Causal Forces to Spain’s Economic Disengagement

Spain no longer enjoys the economic boom of the previous decade.  Instead, the country’s landscape is tainted with twenty-five years worth of excess housing supply, continuous struggles to enhance productivity, and arduous banking regulations.  The supply of credit is limited, unemployment ascends toward 30%, and black market activity is substantial.  These symptoms reveal the artificial nature of the past boom and provide challenges and opportunities for Spain.

Spain’s economic problems are primarily rooted in structural impediments to enhancing productivity.  First, the caja system of regional banks encouraged political corruption.  Local politicians utilized bank funds in an unprofessional and shortsighted manner to provide jobs, which had limited usefulness, along with inflated wages.  Political interference further diminishes productivity with contractual changes, which shatters confidence, along with failure to compete institutionally as reflected by an inferior business jurisdiction.  Moreover, labor laws that constrain firing employees consequently discourage employers from hiring.  Finally, squandering resources (ghost airport, duplicate highways) and minimal useful investments further detract from Spain’s overall productivity level.

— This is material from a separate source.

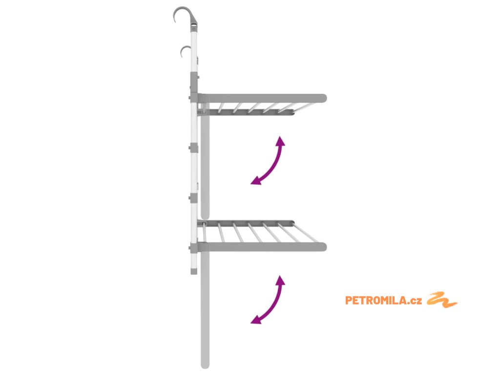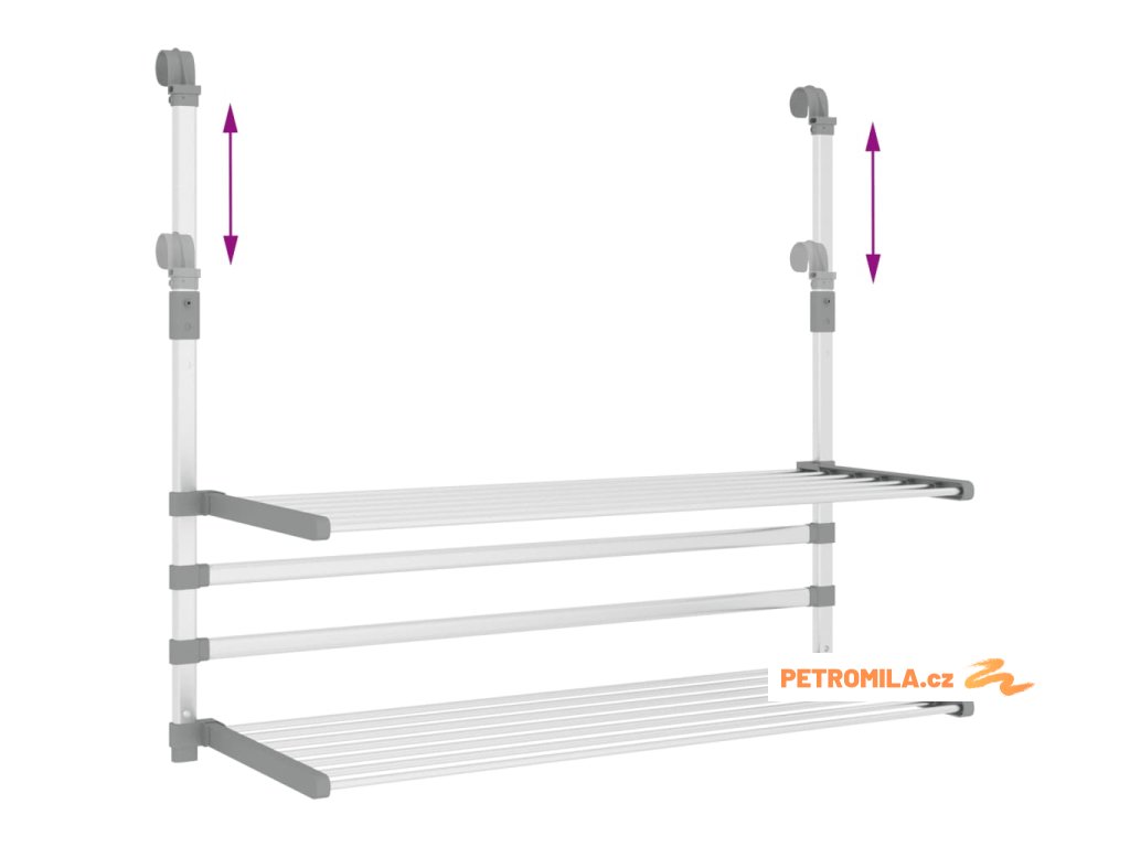 - Skládací funkce: Jednotlivá patra sušáku jsou samostatně skládací, takže lze snadno sušit delší kusy prádla. Pokud se nepoužívají, lze obě sklopit, aby se ušetřilo místo.

Inefficient uses of capital also occurred in Spain’s financial sector.  Spanish consumers, to include immigrants and foreigners, displayed inappropriate behavior in its demand for financial services.  The euphoric belief that home prices always rise pushed demand for mortgage products.  This movement was advanced as homebuyers irrationally focused on monthly payments, an amount that could be reduced with extended maturity, instead of the overall price of the home.  The consumer banking pain extended to deposits, as consumers believed preferred deposit shares were riskless, even though they were backed by structured products that ultimately failed.

Financial sector regulation fared no better as banks across the country failed to acknowledge the economic and financial decline by avoiding loss provisions.  Alternatively, marking assets at par instead of market value enabled banks to refrain from restructuring nonperforming loans.  Financial regulations further impede the restructuring process as one dissident lender can object to restructuring.  Hence, many banks still hold bad assets on their books, and the creation of SAREB, the newly established bad bank, can assist in restructuring assets across the fourteen remaining banks.  The success of SAREB will be needed because banks that continue to hold nonperforming assets on their books without recognizing losses are less able to extend credit to the economy, thereby further inhibiting capital productivity.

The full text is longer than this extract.